Примите мои поклоны. Вся слава Шриле Прабхупаде!
Посмотрев последнее видео-обращение Матаджи Арчи, которое длилось четыре с половиной часа, я решил, что, несмотря на очень сдержанный и вежливый ответ ЕС Бхактивигйаны Госвами, я должен что-то написать тоже, т.к. темы, затронутые в этом выступлении, не могут оставить меня равнодушным созерцателем в данной ситуации. Многие преданные привыкли принимать авторитет слепо, а некоторые не сильно разбираются в деталях вайшнавской философии и легко попадаются на удочку ложных концепций и откровенных заблуждений. Как проповедник я усмотрел некоторые моменты в этом выступлении, которые могут составить у слушателей ложное представление о реальном положении вещей.

С самого начала хочу сказать, что целью этого краткого анализа не является нападка на Матаджи Арчи. Я очень уважаю ее искренность и проповеднический энтузиазм. Тем не менее, мне бы хотелось указать ее последователям и преданным в целом на то, что далеко не все, что она говорит, соответствует действительности. То есть, моя цель – это попытка прояснить истинное положение вещей, а не желание участвовать в холодной войне. Кроме того, по поручению Национального Совета я являлся членом группы, которая разбиралась с этой темой, когда только возникли проблемы с отстранением Матаджи Арчи от проповеди под эгидой ИСККОН. Так же я был тем самым переводчиком, который переводил встречу Матаджи Арчи с GBC. Поэтому я знаком с этой темой не понаслышке. 

На этой встрече Матаджи Арчи намекнула, что преследования преданных в Армении и разрушение храма в Ереване было реакцией на то, что местные преданные в чем-то не согласились с Матаджи Арчи и ее супругом. Уже тогда меня удивила некоторая мания величия, но я решил не делать поспешных выводов. Когда члены GBC спрашивали Матаджи Арчи, говорила ли она определенные вещи, которые расходятся с учением Шрилы Прабхупады и приводили цитаты из ее лекций, ответ у нее всегда был один: «меня не правильно поняли». Но разве не является квалификацией проповедника говорить так, чтобы его (ее) правильно понимали? Тогда я удивился второй раз, т.к. обычно, когда говорят старшие (а члены GBC – это самые старшие и опытные преданные в ИСККОН), преданный должен постараться увидеть Кришну в этих словах и исправить свои ошибки. Матаджи Арчи предпочла защищаться и настаивала на своей правоте. Моим третьим и самым большим удивлением был намек со стороны Матаджи Арчи на то, что ее отстранение от проповеди в ИСККОН совпало с началом суда над Бхагавад-гитой. То есть, "несправедливое отношение" администрации ИСККОН к ней, якобы, обернулось несправедливым отношением прокурора к ИСККОН. Это было для меня уже слишком. С таким самомнением я не встречался ни разу в жизни. 

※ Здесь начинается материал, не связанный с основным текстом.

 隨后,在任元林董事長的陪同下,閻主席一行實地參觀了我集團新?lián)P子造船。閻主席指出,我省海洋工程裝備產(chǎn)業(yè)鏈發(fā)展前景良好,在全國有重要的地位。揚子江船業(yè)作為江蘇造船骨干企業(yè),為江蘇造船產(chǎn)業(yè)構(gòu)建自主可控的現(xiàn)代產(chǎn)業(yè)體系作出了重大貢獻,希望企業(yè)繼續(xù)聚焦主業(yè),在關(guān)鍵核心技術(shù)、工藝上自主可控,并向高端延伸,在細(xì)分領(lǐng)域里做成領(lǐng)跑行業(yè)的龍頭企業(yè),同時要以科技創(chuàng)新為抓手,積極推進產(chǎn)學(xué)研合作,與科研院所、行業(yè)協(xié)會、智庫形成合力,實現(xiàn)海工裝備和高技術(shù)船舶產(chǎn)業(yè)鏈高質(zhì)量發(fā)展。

Целью последнего обращения Матаджи Арчи было «просветить» учеников Госвами Махараджа и преданных в целом относительно «реального» уровня Махараджа. Мне бы хотелось сделать то же самое в отношении прояснения уровня Матаджи Арчи.

Начну свой анализ с грубых и очевидных вещей. Недопустимо обращение к старшему по возрасту, по инициации, по социальному статусу со словами «мальчик, ты делал это?». Так может отчитывать мать провинившегося сына или учитель - ученика. Это является грубым нарушением вайшнавского этикета и неспособностью контролировать речь и гнев. Из первого стиха «Нектара преданности» мы узнаем о квалификации мадхйама-адхикари. Там сказано, что он способен контролировать свой язык, вспышки гнева и т.д. Очевидно, что Матаджи Арчи пока, к сожалению, не соответствует этому уровню и потому говорить о том, что она давно прошла уровень анартха-нивритти (далее АН), довольно преждевременно. 

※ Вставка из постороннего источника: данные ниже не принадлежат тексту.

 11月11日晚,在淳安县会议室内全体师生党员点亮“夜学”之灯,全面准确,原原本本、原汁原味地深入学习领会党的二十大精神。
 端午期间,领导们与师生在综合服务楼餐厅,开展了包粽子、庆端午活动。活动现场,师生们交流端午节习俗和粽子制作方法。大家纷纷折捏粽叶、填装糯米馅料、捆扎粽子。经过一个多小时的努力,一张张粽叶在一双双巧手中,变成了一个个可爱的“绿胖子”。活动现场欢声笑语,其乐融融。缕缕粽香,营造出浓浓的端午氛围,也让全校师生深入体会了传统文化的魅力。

Говорить о том, что Госвами Махарадж решил устранить Матаджи Арчи и завладеть ее проповедническими темами, т.к. он не знает ничего кроме лекций Харикеши Свами и Стивена Кови – просто смешно. Госвами Махарадж является одним из самых образованных и эрудированных проповедников в ИСККОН. Поэтому подозревать богача в том, что он хочет украсть копеечку - нелепо. 

Удивительно то, что Матаджи Арчи публично обсуждает и обвиняет человека, который старше ее по всем параметрам. Согласно этикету, нужно обращаться к старшим, тем кто может повлиять на человека, предположительно совершающего ошибку, а не обсуждать его перед широкой аудиторией. Очевидно, что Матаджи Арчи сознательно пытается подорвать авторитет Госвами Махараджа в глазах учеников и других вайшнавов. На самом деле, такими выступлениями она только подрывает свой собственный авторитет в глазах тех, кто понимает, что такое настоящая этика (внутренние ценности) и этикет (внешнее поведение). 

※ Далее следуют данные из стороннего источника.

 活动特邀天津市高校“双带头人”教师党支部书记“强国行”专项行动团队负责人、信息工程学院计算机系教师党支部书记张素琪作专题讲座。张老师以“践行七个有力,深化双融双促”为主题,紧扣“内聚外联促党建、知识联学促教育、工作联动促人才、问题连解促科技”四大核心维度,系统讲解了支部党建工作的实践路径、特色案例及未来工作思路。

Итак, Матаджи Арчи утверждает, что она давно прошла этап АН. Так ли это? Давайте вспомним, какие бывают анартхи. Одна из них: кути-нати – поиск недостатков у других. Другая: пуджйа (желание почтения), пратиштха (желание признания своих заслуг и желание славы). Все четыре с половиной часа своей исповеди Матаджи Арчи указывает нам на недостатки Госвами Махараджа и при любом удобном случае говорит о своих успехах, о восторженных отзывах преданных на ее лекции и постоянно намекает на свой возвышенный уровень, который руководство ИСККОН не может оценить. Так свободна ли Матаджи Арчи от склонности искать недостатки у других? Свободна ли она от желания почета, славы и признания со стороны последователей? Если почитать песни Бхактивинода Тхакура, которого столь ценит Матаджи Арчи, то этот возвышенный преданный считает себя падшим и недостойным, ищущим милости Господа и вайшнавов. На фоне Бхактивинода Тхакура Матаджи Арчи выглядит воплощением гордыни. Очевидно, что после многих лет безвестности в Армении успех в кругах неискушенных преданных вскружил голову Матаджи Арчи и она почувствовала вкус славы и почета. Так же она постоянно хочет чем-то уязвить Госвами Махараджа, что является еще одной из анартх – джива-химса (желание доставить боль другому).
Сама по себе претензия на какой-то высокий уровень довольно странна для вайшнава, тем более возвышенного. Мы знаем, что уттама-адхикари всех воспринимает преданными, кроме себя. Похоже, что у Матаджи Арчи прямо противоположная самооценка.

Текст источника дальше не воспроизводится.